▶ [Problem details] Do not repeat pictures. Repeat exactly the lines of the listing below from its first line through the line with "Selling a pair".

▶ [Given data]
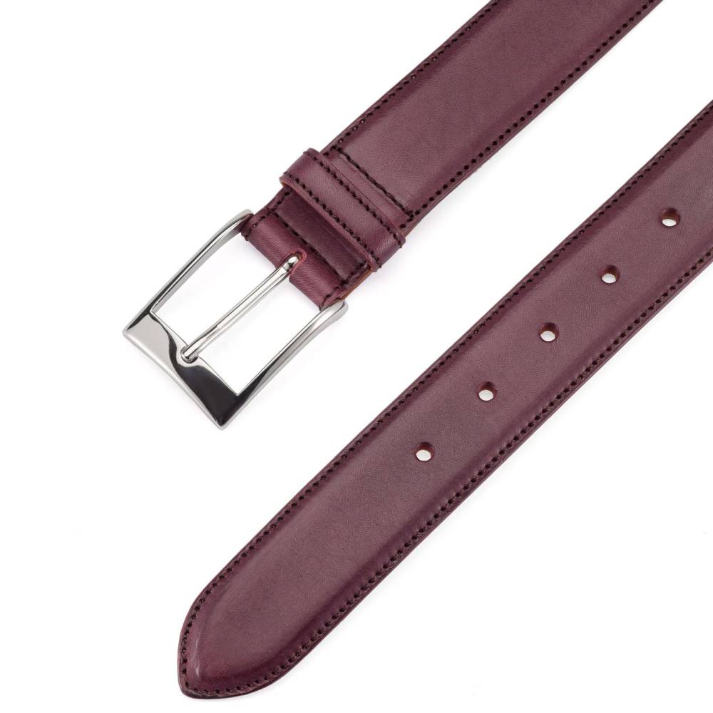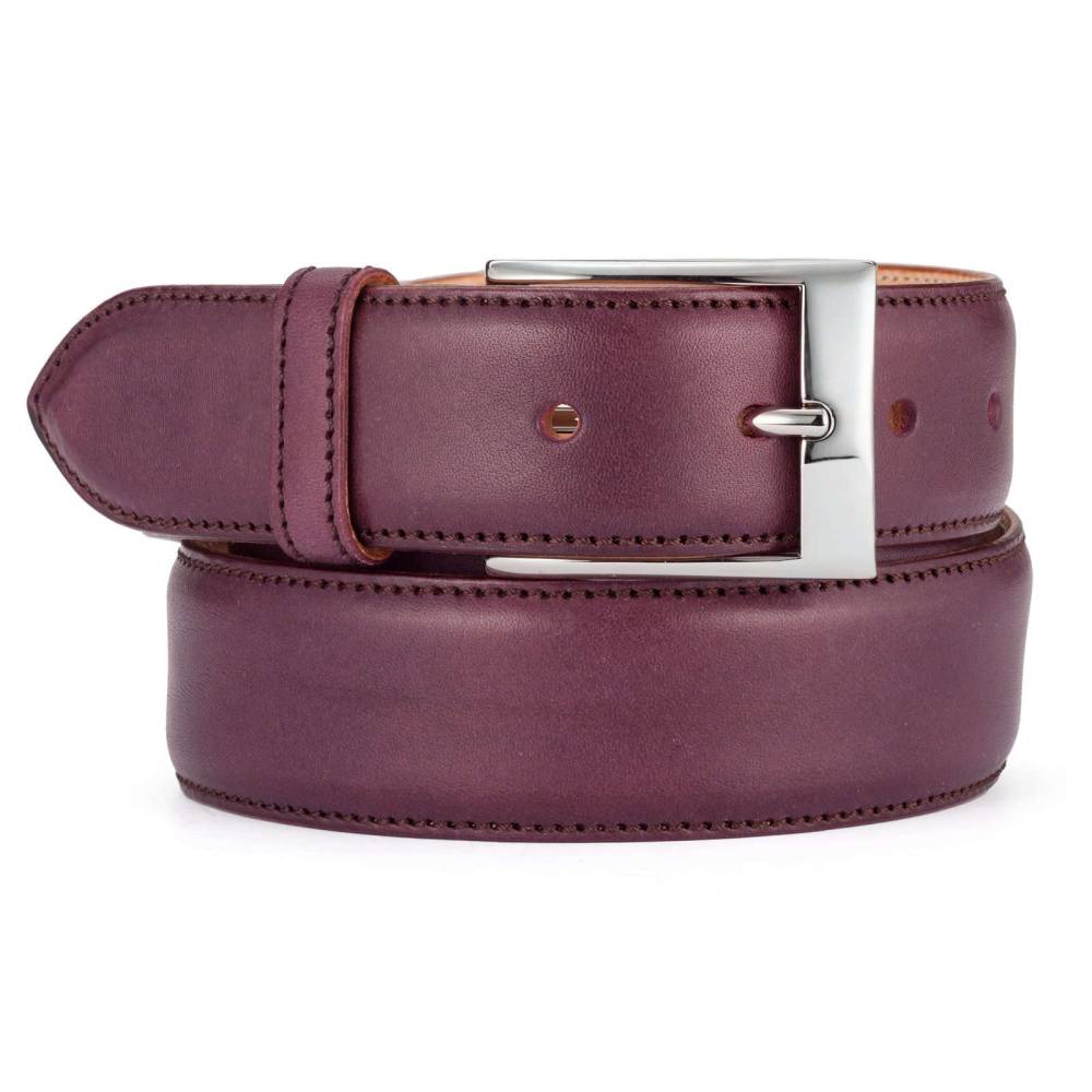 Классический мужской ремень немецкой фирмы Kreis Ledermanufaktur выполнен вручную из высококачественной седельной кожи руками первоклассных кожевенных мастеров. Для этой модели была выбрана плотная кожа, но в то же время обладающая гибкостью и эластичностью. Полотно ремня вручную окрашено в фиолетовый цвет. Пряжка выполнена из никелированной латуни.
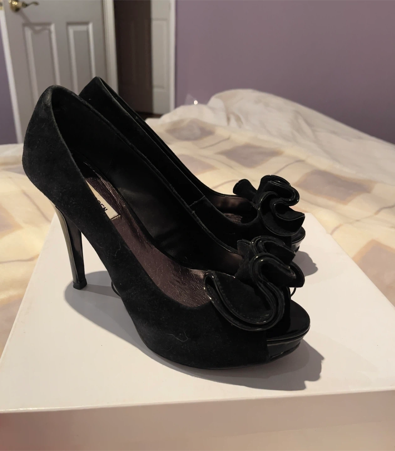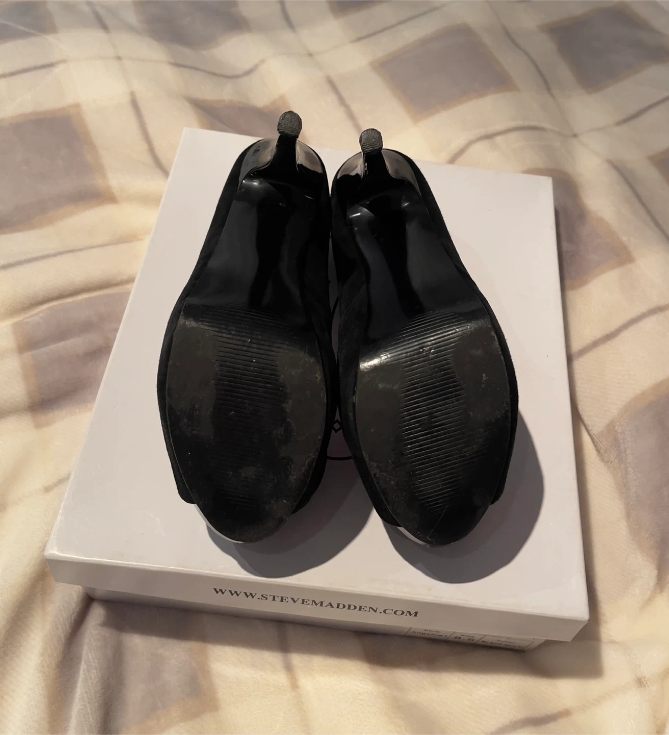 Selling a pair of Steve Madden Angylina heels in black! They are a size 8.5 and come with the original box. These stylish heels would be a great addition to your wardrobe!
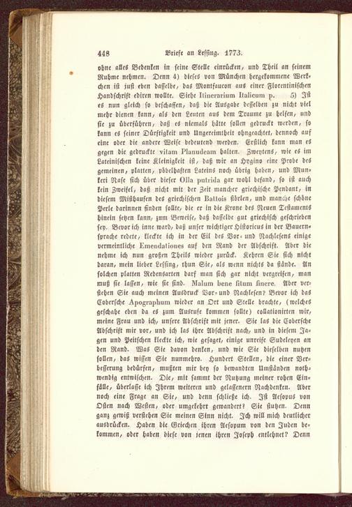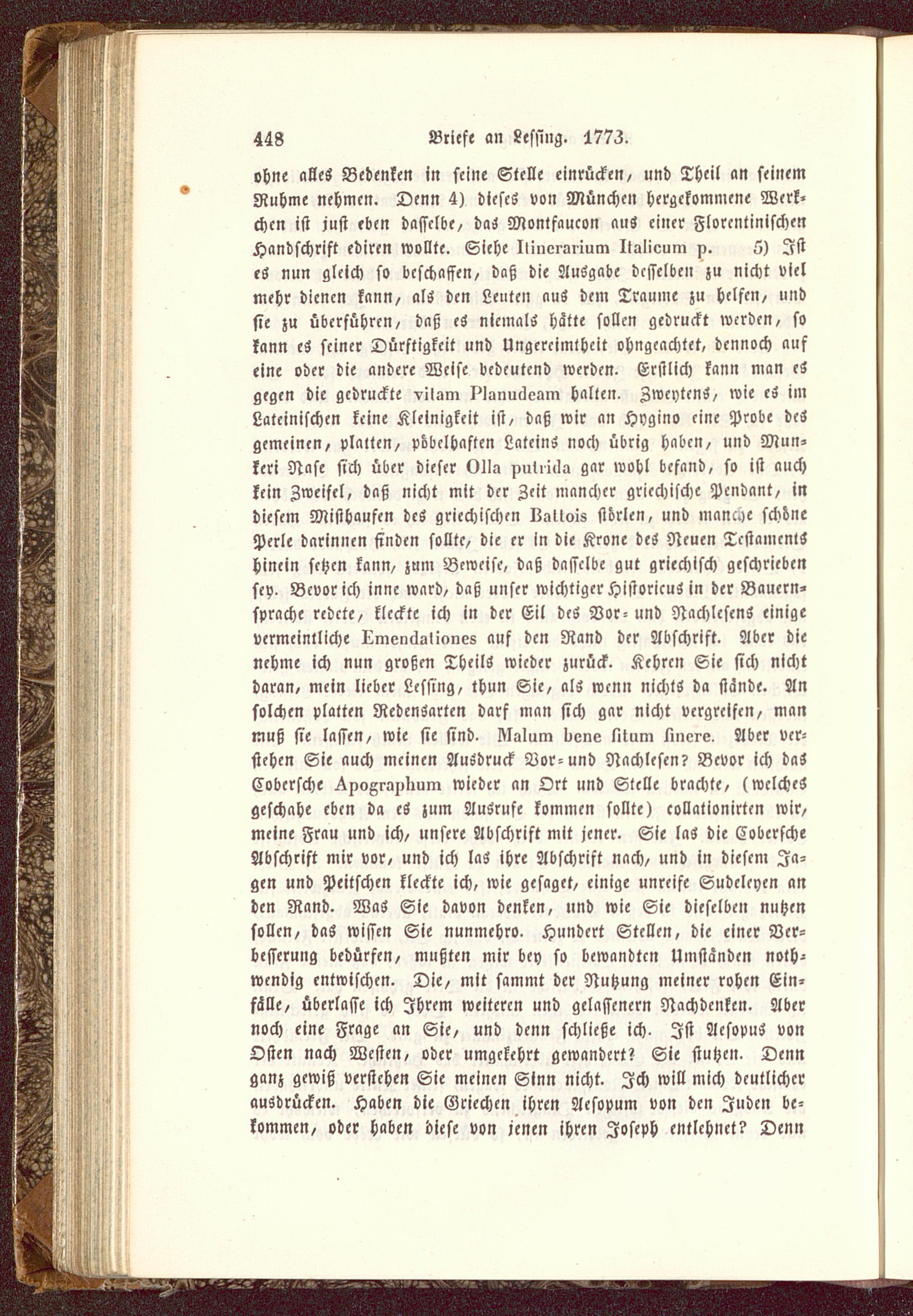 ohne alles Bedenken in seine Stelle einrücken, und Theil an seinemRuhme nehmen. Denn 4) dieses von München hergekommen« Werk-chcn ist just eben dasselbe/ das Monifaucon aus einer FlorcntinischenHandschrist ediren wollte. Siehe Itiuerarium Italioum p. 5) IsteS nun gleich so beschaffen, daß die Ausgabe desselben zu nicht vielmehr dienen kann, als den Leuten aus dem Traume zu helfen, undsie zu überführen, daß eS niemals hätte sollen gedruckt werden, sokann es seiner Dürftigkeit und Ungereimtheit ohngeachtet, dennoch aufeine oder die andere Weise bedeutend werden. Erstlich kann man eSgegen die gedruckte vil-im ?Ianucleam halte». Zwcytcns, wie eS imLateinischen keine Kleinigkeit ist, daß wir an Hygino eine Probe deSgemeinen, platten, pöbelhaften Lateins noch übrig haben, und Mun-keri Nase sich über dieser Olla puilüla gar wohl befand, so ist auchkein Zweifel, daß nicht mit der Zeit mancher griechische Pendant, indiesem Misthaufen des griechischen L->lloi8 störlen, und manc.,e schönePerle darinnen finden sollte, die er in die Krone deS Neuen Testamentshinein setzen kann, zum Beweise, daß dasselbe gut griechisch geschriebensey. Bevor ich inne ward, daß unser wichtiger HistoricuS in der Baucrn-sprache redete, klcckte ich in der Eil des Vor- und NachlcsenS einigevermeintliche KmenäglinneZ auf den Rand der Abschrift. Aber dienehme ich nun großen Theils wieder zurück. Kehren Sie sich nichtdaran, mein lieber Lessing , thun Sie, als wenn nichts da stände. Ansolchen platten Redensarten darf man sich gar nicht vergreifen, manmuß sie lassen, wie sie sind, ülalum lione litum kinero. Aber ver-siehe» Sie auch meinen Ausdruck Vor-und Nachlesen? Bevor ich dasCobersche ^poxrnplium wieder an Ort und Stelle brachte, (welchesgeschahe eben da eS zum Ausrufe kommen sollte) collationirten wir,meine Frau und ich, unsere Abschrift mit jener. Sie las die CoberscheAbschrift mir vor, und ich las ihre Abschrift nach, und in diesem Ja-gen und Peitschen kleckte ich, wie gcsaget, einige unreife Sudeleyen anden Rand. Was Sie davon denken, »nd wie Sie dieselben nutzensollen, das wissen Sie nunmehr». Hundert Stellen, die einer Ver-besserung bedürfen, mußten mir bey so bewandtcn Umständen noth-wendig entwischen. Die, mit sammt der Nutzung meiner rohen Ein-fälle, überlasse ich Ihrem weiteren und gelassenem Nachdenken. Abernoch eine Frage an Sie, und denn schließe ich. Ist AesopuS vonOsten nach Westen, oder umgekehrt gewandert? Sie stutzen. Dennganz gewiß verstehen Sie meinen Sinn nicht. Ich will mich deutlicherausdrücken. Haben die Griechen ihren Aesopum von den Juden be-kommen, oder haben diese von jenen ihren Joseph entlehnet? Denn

▶ [Exercise output]
 Классический мужской ремень немецкой фирмы Kreis Ledermanufaktur выполнен вручную из высококачественной седельной кожи руками первоклассных кожевенных мастеров. Для этой модели была выбрана плотная кожа, но в то же время обладающая гибкостью и эластичностью. Полотно ремня вручную окрашено в фиолетовый цвет. Пряжка выполнена из никелированной латуни.
 Selling a pair of Steve Madden Angylina heels in black! They are a size 8.5 and come with the original box. These stylish heels would be a great addition to your wardrobe!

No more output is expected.